WHAT NEEDS TO BE DONE. When you transcribe the data below, reproduce every line exactly and leave each picture out.
◆ ◆ ◆ ◆
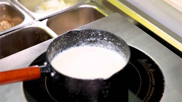 火一开一关之间,大豆的香气随着氤氲的热气满溢。红枣、银耳、西米、芋圆…十几种不同风味和口感的配料在炖煮间融入豆浆,不抢风味,反而增添几分浓稠和香甜。
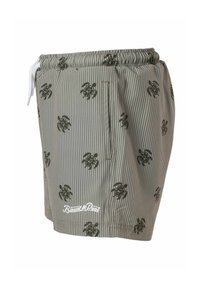 Shorts de bain vert olive avec fines rayures verticales et imprimés tortue noirs, dotés d'un cordon blanc et du logo « Bonyto » sur l'ourlet.
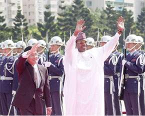 陳總統水扁先生今天以隆重軍禮歡迎率團來華訪問的查德共和國總統德比及訪問團。
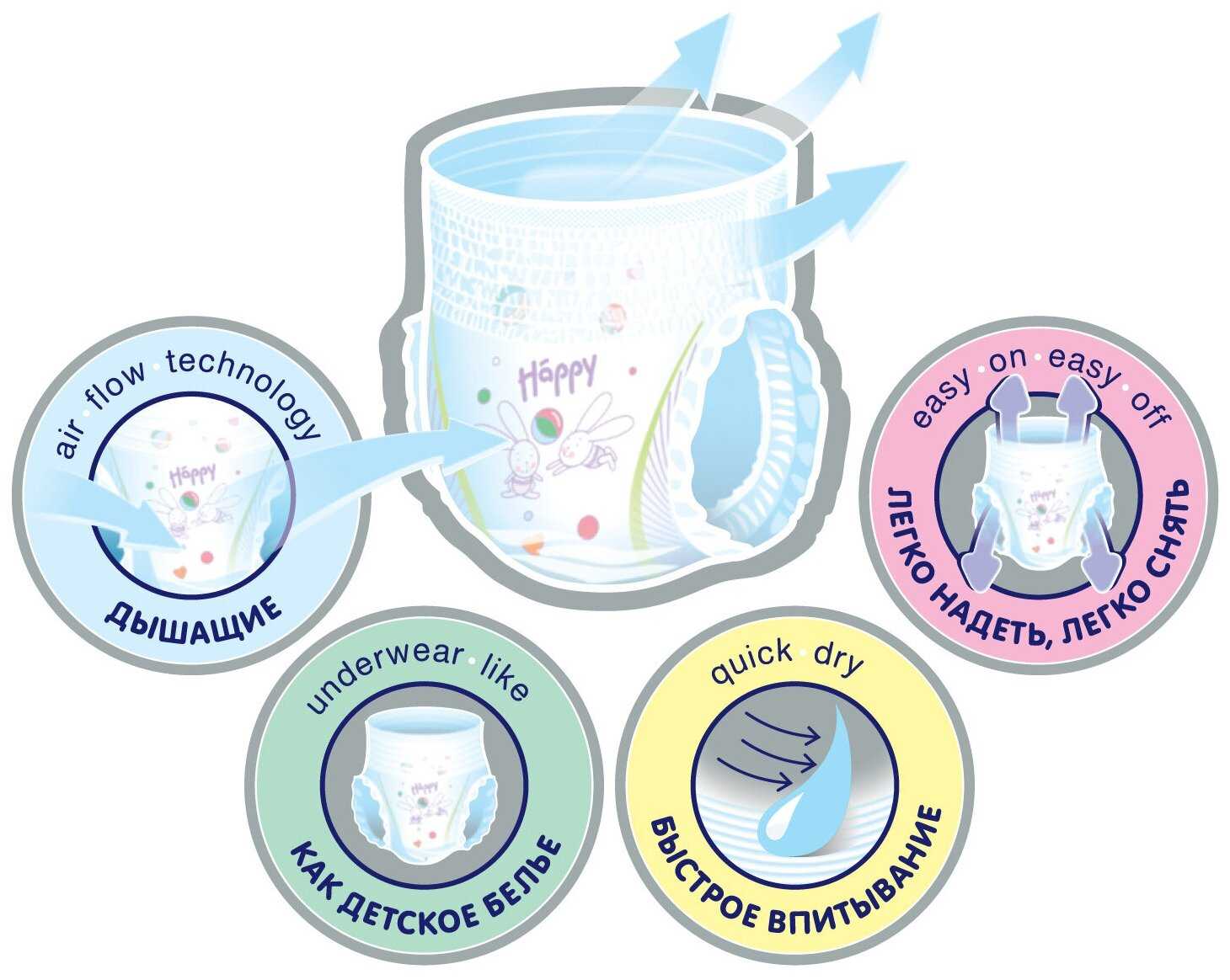 - Яркие рисунки (зайчики, шары, леденцы) нравятся детям, ненавязчивые и милые, не просвечивают через одежду в большинстве случаев.
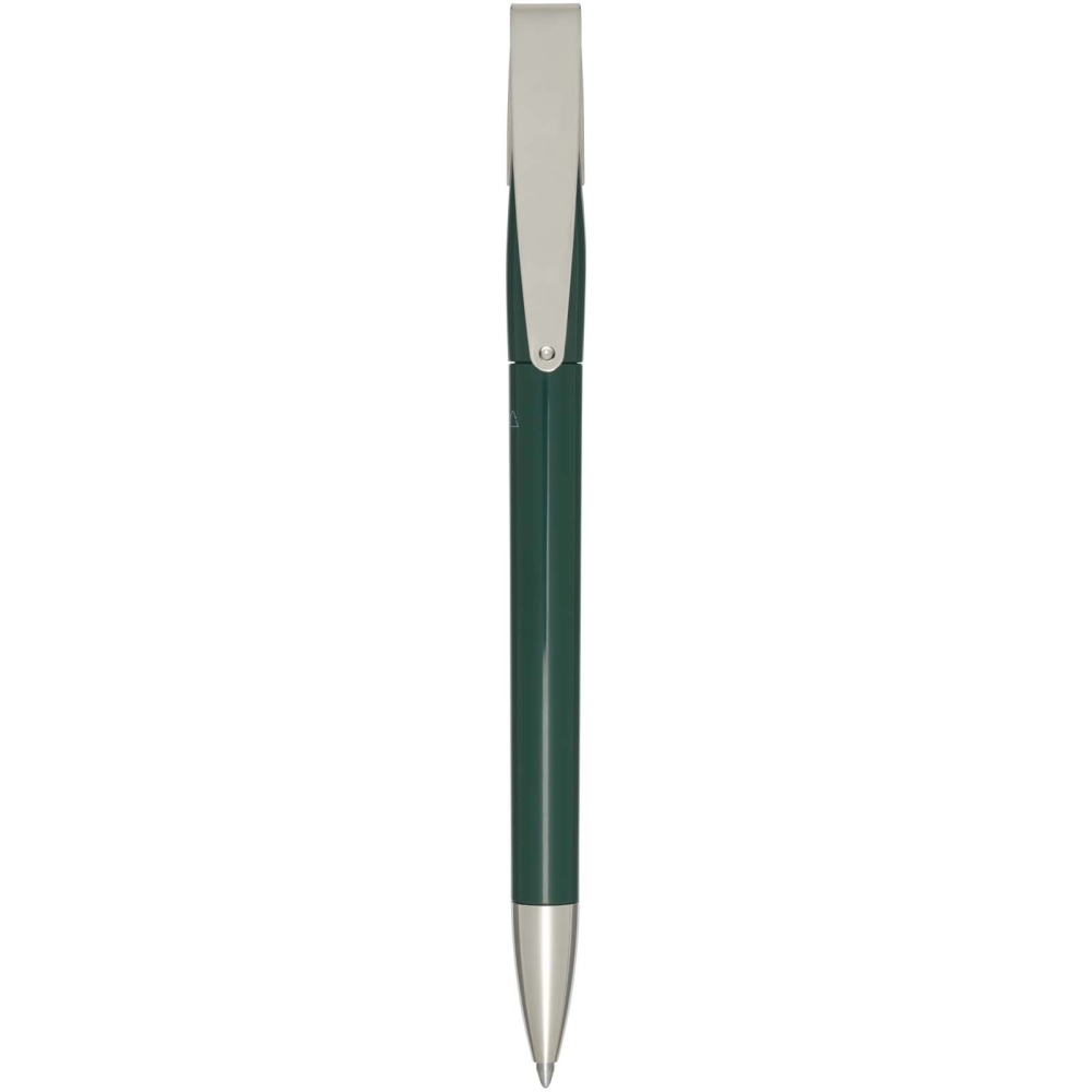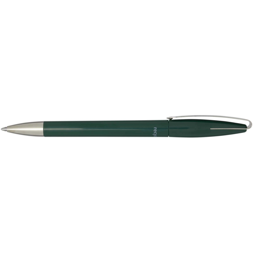 Propiska s tělem a sponou z recyklovaného plastu a hrotem z nerezové oceli. Barva inkoustu: Modrá. Délka psaní: 3000 metrů. Rozměr hrotu: 1,00 mm. Vyrobeno v Německu. Rozměry: 14,2 x O 1 cm
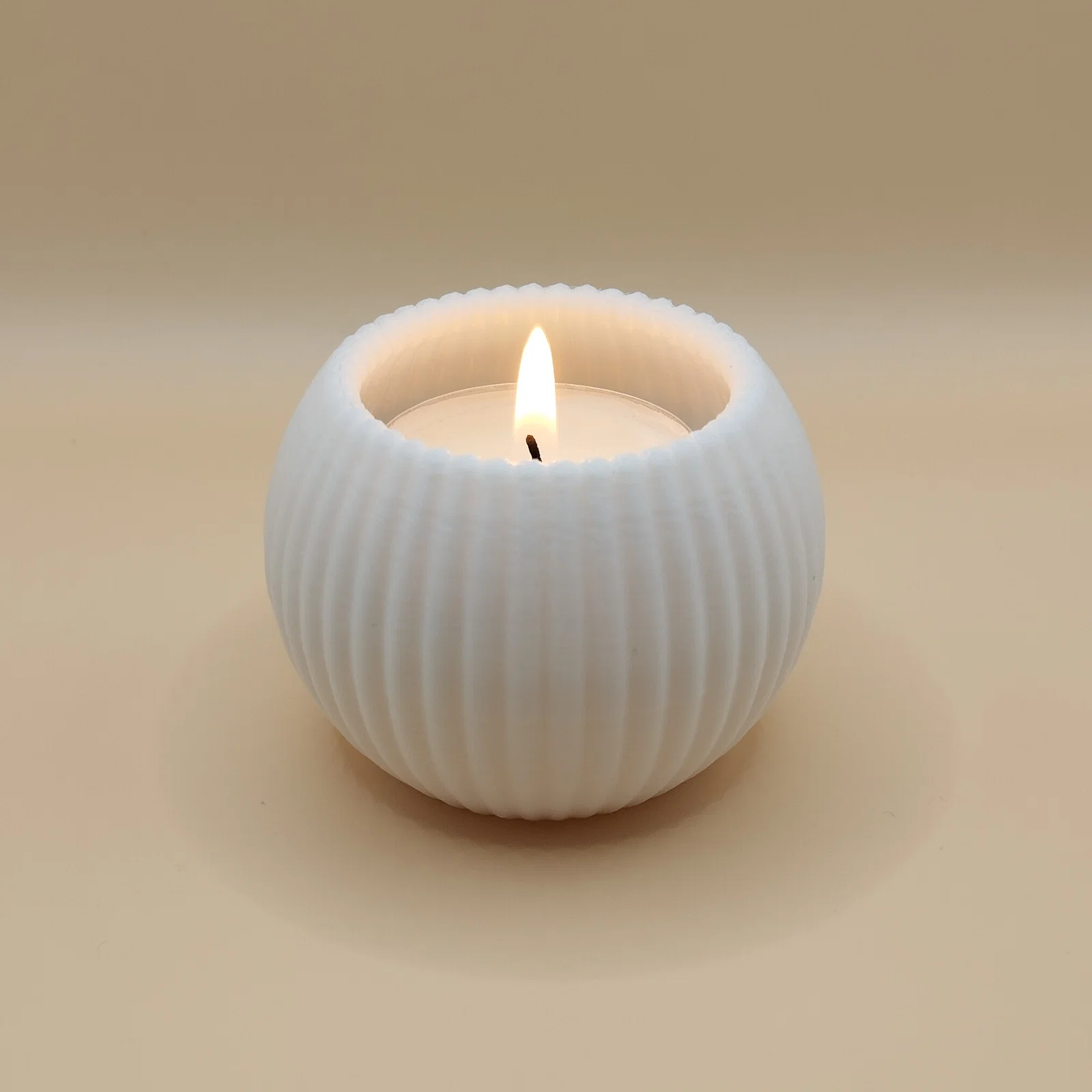 Mẫu đế tealight tròn dạng gân phong cách hiện đại, tải về 3 kích thước. Phù hợp nến/đèn tealight 40mm, 50mm hoặc 60mm. Khuyến nghị chỉ sử dụng tealight LED để an toàn.
◆ ◆ ◆ ◆
RESULT FOR THIS EXERCISE.
 火一开一关之间,大豆的香气随着氤氲的热气满溢。红枣、银耳、西米、芋圆…十几种不同风味和口感的配料在炖煮间融入豆浆,不抢风味,反而增添几分浓稠和香甜。
 Shorts de bain vert olive avec fines rayures verticales et imprimés tortue noirs, dotés d'un cordon blanc et du logo « Bonyto » sur l'ourlet.
 陳總統水扁先生今天以隆重軍禮歡迎率團來華訪問的查德共和國總統德比及訪問團。
 - Яркие рисунки (зайчики, шары, леденцы) нравятся детям, ненавязчивые и милые, не просвечивают через одежду в большинстве случаев.
 Propiska s tělem a sponou z recyklovaného plastu a hrotem z nerezové oceli. Barva inkoustu: Modrá. Délka psaní: 3000 metrů. Rozměr hrotu: 1,00 mm. Vyrobeno v Německu. Rozměry: 14,2 x O 1 cm
 Mẫu đế tealight tròn dạng gân phong cách hiện đại, tải về 3 kích thước. Phù hợp nến/đèn tealight 40mm, 50mm hoặc 60mm. Khuyến nghị chỉ sử dụng tealight LED để an toàn.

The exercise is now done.